En France, Mohammed a 4 fois moins de chances d’être recruté que Michel

« J’aime pas les Arabes, alors fais gaffe à toi ! ». Ces propos racistes tenus par le patron d’une société de transports routiers ont été filmés par un employé, en caméra cachée, et seront diffusés ce soir dans un numéro de « Complément d’enquête » sur France 2, consacré au mal être au travail.


Complement d’enquête. Un patron à son salarié : « Je n’aime pas les Arabes »

Par ailleurs, une étude de l’Institut Montaigne, révélée par « Complément d’Enquête » corrobore cette défiance à l’égard des citoyens d’origine étrangère, musulmans ou supposés comme tels. Cette enquête dénonce de “fortes discriminations” à l’embauche liées à la religion, surtout envers les musulmans pratiquants.

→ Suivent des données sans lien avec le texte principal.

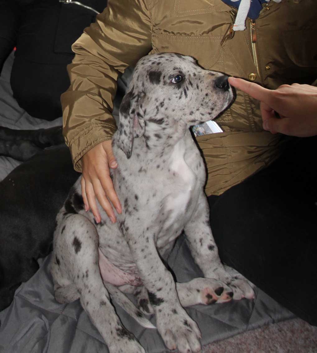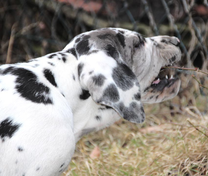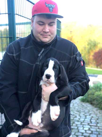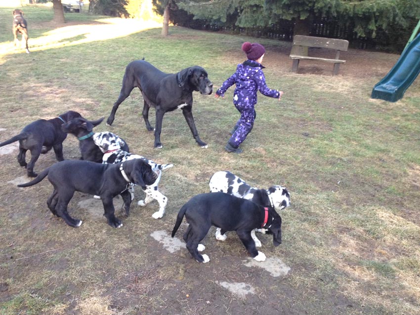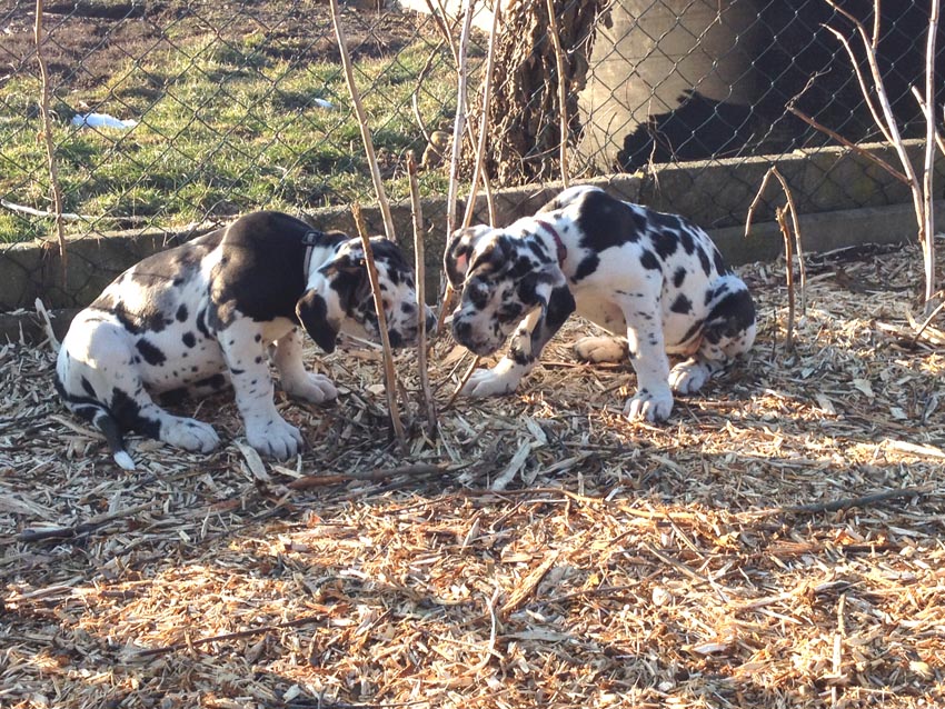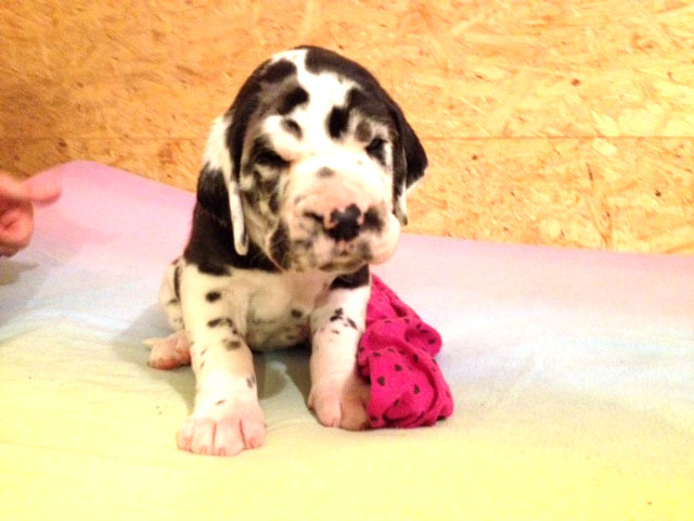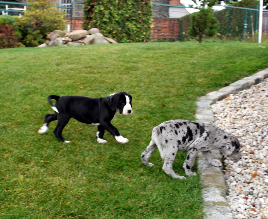 Wir haben uns den Wurf angeschaut und konnten uns nur schwer von den kleinen Rackern trennen. Wir kannten bis dato weder die Züchter, Fam. Wolter, noch deren Zwingeranlage und waren sehr angenehm überrascht. So stellt man sich die Haltung Deutscher Doggen vor. Die Anlage ist gut durchdacht gebaut, der Welpenraum ist zweckmäßig mit einer schönen Welpenkiste, hell, gepflegt und einem Ausgang zum Freigehege. Schade, dass eine solche Haltung und Aufzucht selten zu sehen sind. Vor allem auch, dass die Züchter genug Zeit haben, sich um ihre Doggen zu kümmern und ihnen ausreichend Zuwendung und Familienanschluß zu bieten.

Cette étude, qui met en exergue l’islamophobie flagrante des employeurs français, Marie-Anne Valfort l’a entamée il y a trois ans. Pour ce faire, cette chercheuse et maître de conférences à l’université Panthéon-Sorbonne, a mis au point des CV fictifs, a-t-elle expliqué à l’AFP. Ainsi, entre septembre 2013 et septembre 2014, elle a adressé ces fausses candidatures à 6 231 offres d’emploi de comptables, assistants et secrétaires comptables en métropole.

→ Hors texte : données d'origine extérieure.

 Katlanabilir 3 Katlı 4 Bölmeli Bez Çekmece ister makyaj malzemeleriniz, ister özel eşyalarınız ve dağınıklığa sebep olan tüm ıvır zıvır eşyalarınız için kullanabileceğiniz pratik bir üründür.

Nathalie, mieux que Samira


Les profils créés pour son étude sont identiques en tous points, à l’exception de la religion. Ils sont tous Français d’origine libanaise, nommés Haddad, nés à Beyrouth en 1988, arrivés en France au début du lycée en 2003, naturalisés en 2008 et titulaires d’un BTS comptabilité. Seuls t
rois éléments suggèrent leur appartenance religieuse : leur prénom – Dov et Esther pour les juifs, Michel et Nathalie pour les catholiques, Mohammed et Samira pour les musulmans -, leur scolarité dans une école confessionnelle et leur engagement dans l’association de scoutisme de leur communauté.

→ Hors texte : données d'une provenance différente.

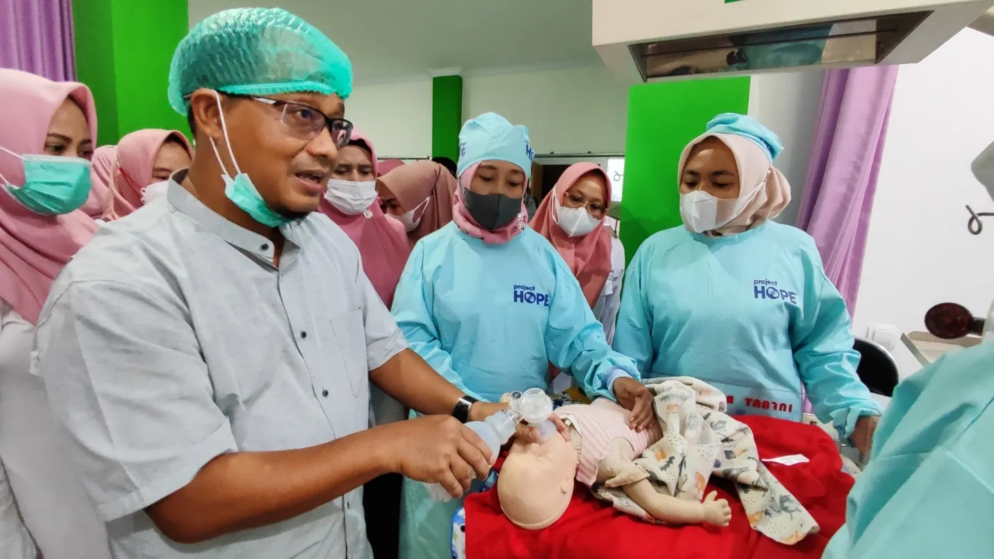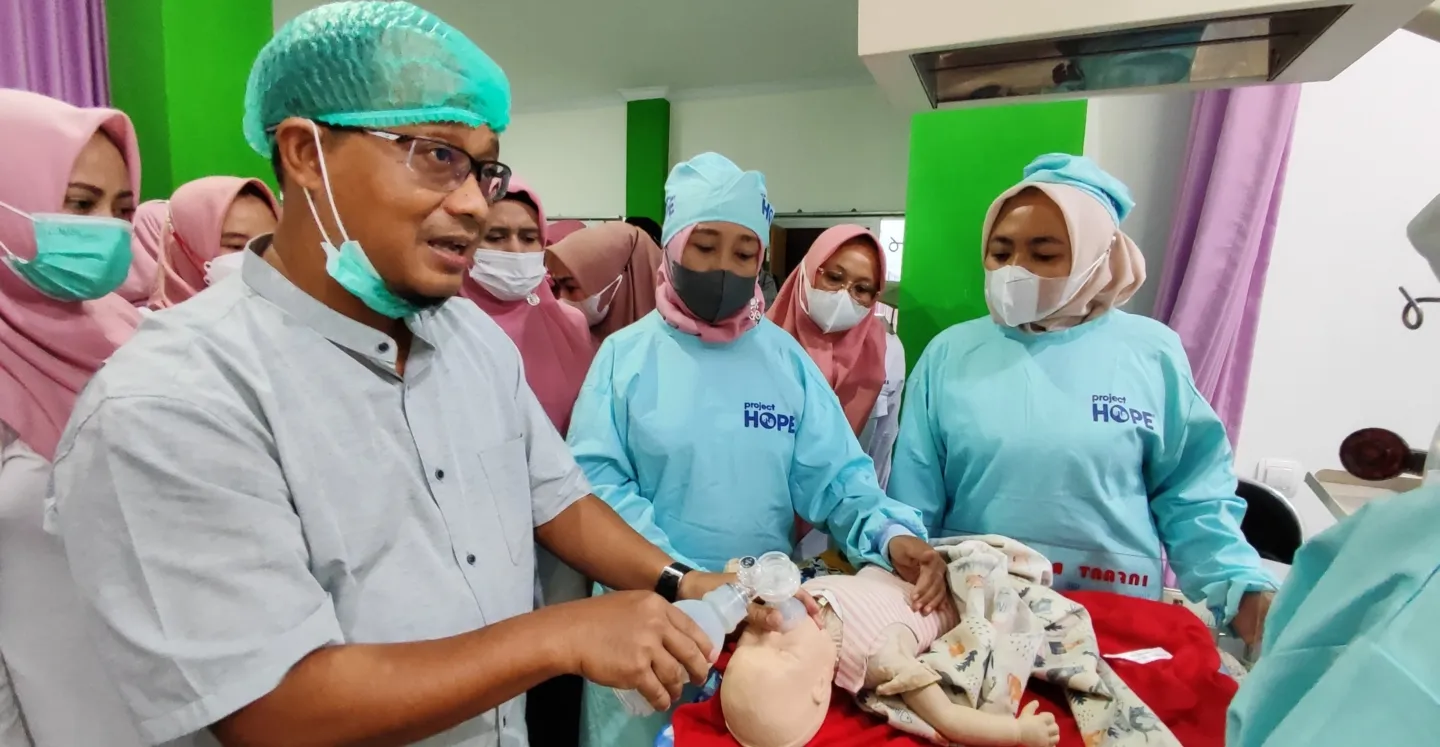 Project HOPE’s history in Indonesia dates back to the S.S. HOPE’s maiden voyage in 1960 when volunteers provided medical services and training. Over the past two decades, Project HOPE has worked across all regions of Indonesia to strengthen the health system, improve health worker capabilities, and save lives.

Elle a ensuite comparé le taux de convocation des différents candidat(e)s ; et les chiffres sont éloquents. En effet, un candidat perçu comme musulman pratiquant a deux fois moins de chances d’être convoqué en entretien qu’un catholique pratiquant (10,4% contre 20,8%). L’écart est encore plus grand si l’on isole les hommes: 4,7% contre 17,9%, du simple au quadruple. Les juifs pratiquants, eux, ont 24% de chances en mois d’être convoqués qu’un catholique, un écart qui varie peu selon le sexe.

En 2008 déjà, le ministère du Travail publiait une étude montrant que “les jeunes Français peu qualifiés d’origine apparente maghrébine ou noire africaine [étaient] victimes de discriminations à l’embauche par rapport aux jeunes Français d’origine apparente hexagonale ancienne.” Dans ce rapport-là, le candidat dit “d’origine apparente hexagonale ancienne” (comprendre caucasien) était favorisé près de 4 fois sur 5.

L’essentiel des différences de traitement pénalisant des jeunes d’origine maghrébine ou noire africaine se manifeste avant même qu’ils n’aient été reçus en entretien par l’employeur. Ils sont écartés beaucoup plus souvent que les autres dès la prise de contact, les différences de traitement pouvant prendre la forme de refus notifiés ou de mises en attente plus sournoises”, peut-on alors lire dans cette étude de 2006.

Le testing de Marie-Anne Valfort s’arrête aussi avant l’entretien et « sous-estime probablement les discriminations” qui sont présentes à chaque étape du recrutement.

« L’image dégradée de l’islam en France »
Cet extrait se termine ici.